Just before 6:30 he woke up. When I went in he said something like, “Why did you get up so early?” He then fell back to sleep with his head towards the other end of the bed. I then woke him up at 8:05. He played Minecraft with Carly in Lonely Lands. He found a new spot he likes at 1785, 88, -610.

I got him oatmeal, then we got going as we had Shani at 9:15. He was explaining “That’s how I organize my Dewey decimal system.”

He was getting a cookie on the way, but decided he was going to savor it to make Shani jealous of the cookie, but then we agreed to surprise her with cookies. He didn’t eat his cookie at all until we got to Shani’s. I then had him giver her the bag of four cookies we brought. He went through the list, asking if anyone in her family was allergic to chocolate or gluten or milk. They had a great session. They started over at the table, doing a picture thing where you decorate it with these small sticker things, exercising the fingers. He had fun with that. Then she got him to try the stretchy swing again. Third or fourth time’s a charm, as he was able to stand in it and do some bouncing. He was very excited about accomplishing that. They went back to the table and did writing, and he did a lot of As, Bs, Cs, and Ds. It was funny because his best of each letter ended up being in the same column in the middle of the page. Finally, he played with putty, getting the beads out of it.
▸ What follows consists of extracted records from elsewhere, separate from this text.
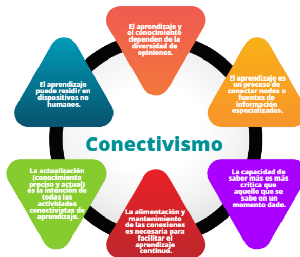
FIGURA 1. Algunos principios del conectivismo de Siemens.

El mundo en que vivimos está en constante cambio y actualización y obliga a hacer un análisis de la información recibida, para verificar su veracidad y fundamentación, por mencionar algunos aspectos. Algunos principios del conectivismo que resalta Siemens (2004) y que son acordes en proceso de alfabetización digital mediado en un curso presencial, pero con mayor relevancia en un curso virtual:
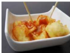
200. FRITTA MISTA DI FRUTTA 3.50€
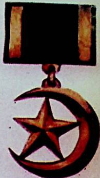
شہرہ جی توڑکستان ہندوستان

We headed home. He started playing music on the synthesizer and I went up to work. She cut his nails and hair. Lots of bribing involved with candy and a show, I think. I came down for lunch. He had me do a video of him showing his lagging equations. I asked him, “How do you keep coming up with these things?” “Experience. Or XP.”
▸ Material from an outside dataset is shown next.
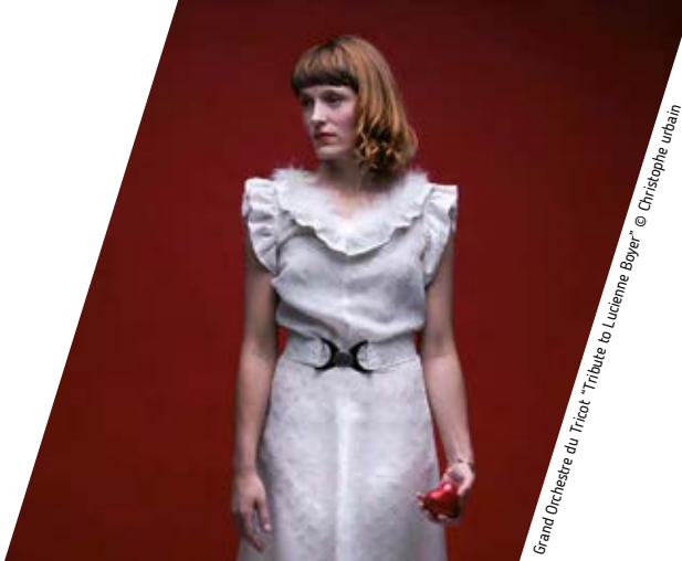
Grand Orchestre du Tricot "Tribute to Lucienne Boyer"

Carly took August out. They went to Ilanot, the tree place and walked around there. August remembered it as the place where you can scan the QR codes on the tree signs. He did a lot of walking, although at one point he said there was a lack of seating. Carly looked around and counted nine benches. It was very green there, which reminded me that I had once talked to him about going to see it every few months to see how the trees change.

They got home at 3:30. He turned the water on full blast to show her how you can make a rainbow (which he’d done with Eve). Inside I picked him up and we were listening to the “Fascist groove thing” song. August said, “I’d rather play a Brother and Sister game” which is a joke on the line in the song: “Brothers, sisters, we don’t need no fascist groove thing…” He was then on the black chair and and had his shoes/feet dancing to the music.

He did a lot of music, then graphing. I was watching the Formula E race. He watched a bit as well, and disqualified was a word of the day. For alone time he played piano and then made some crazy music with the metronome. Carly had gone to the store. When she got back he showed her. We played Minecraft and he was messing around with the video options and opacity was another word of the day.

The two of them did a lot of Khan Academy together, learning about equation sets involving roasting coffee and their weights/prices and parabolas. Vertex was a word of the day. He then showed me a bat-looking equation he made. I asked how he came up with that, and he said, “What? I was just inspired by parabolas.” Such a great line.

We had a spaghetti dinner, then I went for a run. She read Astrophysics while he was doing graphing. After my shower we did more of the Brilliant Waves and Light class. He wants to keep going. We had a cookie and milk. About something he said, “You need my good friend, water. H2O.” We discussed chemical formulas and compounds and the little and big numbers before/after the elements and what they mean.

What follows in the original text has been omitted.